После того как она окончательно поняла, что ни отца, ни мамы с Сонечкой нет, чаще думала о Боре. Хоть бы он, единственный из той, прошлой, жизни, вернулся. Но время шло, уцелевшие, даже после тяжелых ранений, хоть инвалидами, возвращались, и ей все труднее становилось поддерживать в себе надежду, что Боря жив. Потом и вовсе запретила себе надеяться. Даже вспоминать, как в начале их дружбы он, проводив ее до дома, спрашивал: "В следующее воскресенье мне можно прийти?" Пока она однажды не опередила его, спросив: "В следующее воскресенье ты сможешь прийти?" Он рассмеялся, и с того раза, прощаясь, оба одновременно произносили: "До следующего воскресенья!" Потом он стал приходить чаще.

Но после рассказа этого человека о советских лагерях для бывших военнопленных надежда снова забрезжила.
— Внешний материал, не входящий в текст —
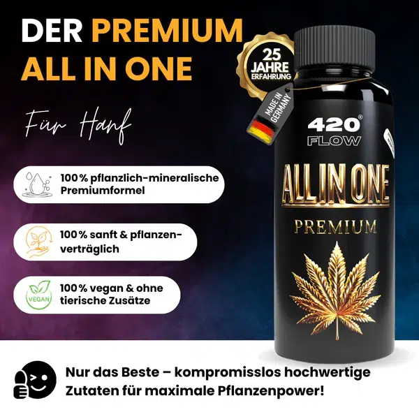 Schon zu Beginn profitieren Deine Pflanzen von einer konstanten, bedarfsgerechten Versorgung. Der Premium All in One sorgt für sichtbare Pflanzenkraft, gleichmäßige Entwicklung und eine stabile Grundlage für Aroma, Geschmack und Ertrag.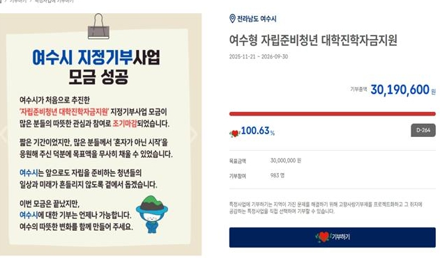 시 관계자는 “여수 고향사랑기부제에 적극 참여해 준 모든 기부자분들께 깊이 감사드린다”라며, “세제 혜택이 더욱 확대되는 만큼, 앞으로도 많은 분들이 여수시와 소중한 인연을 맺고 지역 발전에 동참할 수 있도록 매력적인 답례품과 기부자가 공감하는 기금 사업을 지속적으로 발굴해나가겠다”라고 밝혔다.
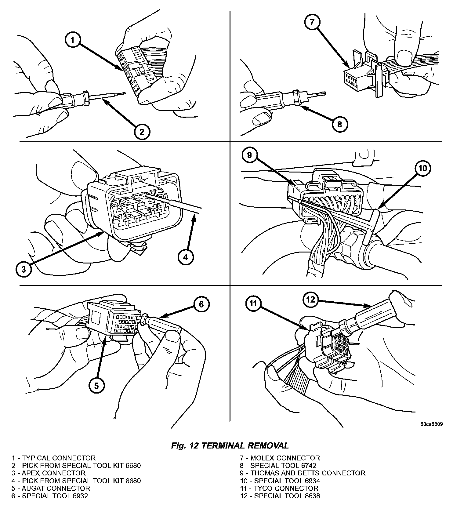 6. Position the connector locking finger away from the terminal using the proper special tool. Pull on the wire to remove the terminal from the connector (Fig. 12).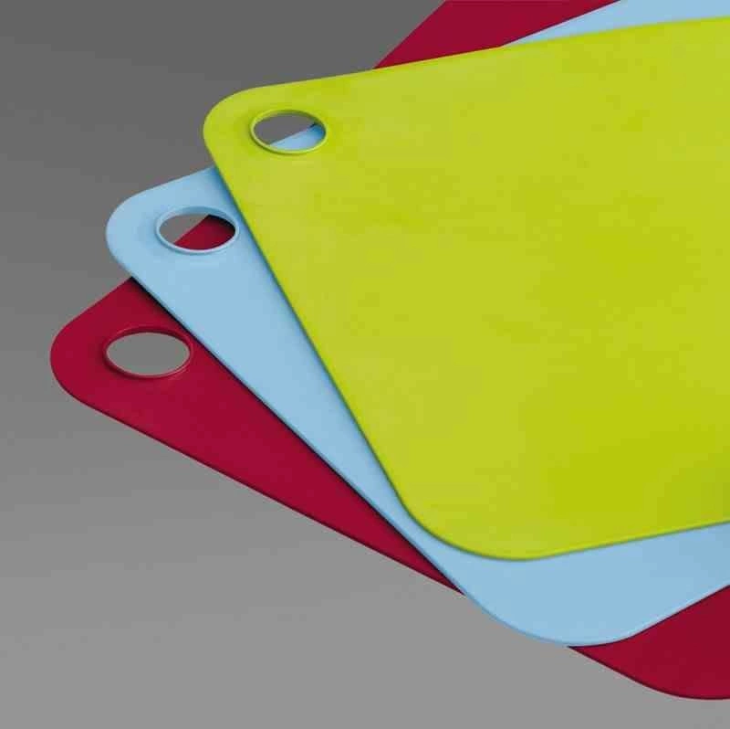Zestaw Joseph Joseph POP został zaprojektowany z myślą o maksymalnej wygodzie. Elastyczne maty można łatwo zginać, co umożliwia sprawne przesypywanie pokrojonych składników bez rozsypywania. Ich niewielka grubość – zaledwie 0,6 cm – pozwala na wygodne przechowywanie nawet w niewielkiej szufladzie, a praktyczny otwór umożliwia zawieszenie mat na haczyku, dzięki czemu zawsze będą pod ręką.

Может, Боря не погиб, а попал в плен и догадался назваться поляком. Он же светловолосый и по-польски говорит без акцента. А до сих пор не вернулся оттого, что его дольше проверяют. Эта крохотная надежда ее усыпила…

3

Когда на следующий день Альбина спросила, как ей понравился вчерашний гость, Люба удивилась, что о столько пережившем человеке можно расспрашивать - понравился, не понравился.

- А он, между прочим, тобой явно заинтересовался.

Альбина хотела еще что-то сказать, но ее позвали на отделение, и разговор оборвался. Потом и у нее было много работы - привозили одного за другим тяжелых больных, и она о вчерашнем госте даже забыла. Только вечером, вернувшись домой и увидев сиротливо стоящую посередине комнаты табуретку, на которой он сидел, вспомнила. И опять стало неловко: человек, наверное, приходил в надежде узнать о ком-нибудь из родных, а она своим удивлением, что он был и в советском лагере, "увела" его в соб-ственный рассказ. Хоть бы еще раз пришел. И лучше, чтобы один. Потому что Альбина недовольна этими расспросами. "Ты столько пережила, а эти приходящие еще и забыть не дают". Знала бы, добрая душа, что и без этих расспросов она живет не только в теперешнем времени… И не то самое трудное, что своими расспросами эти приходящие люди возвращают ее в лагерь, а то, что приходится их разочаровывать, почти виновато отвечать, что нет, не знает. Все, что она могла, - это обнадеживать: может, та женщина или девушка, о которой спрашивают, была в другом лагере, а если даже в том же, где она, то в другом блоке, то есть бараке. Ведь и внутри лагеря каждые два блока были отгорожены друг от друга высокой изгородью все из той же колючей проволоки. И только однажды она не могла обнадежить немолодую женщину - мать Рохци и Лили. Но и правду сказать не могла…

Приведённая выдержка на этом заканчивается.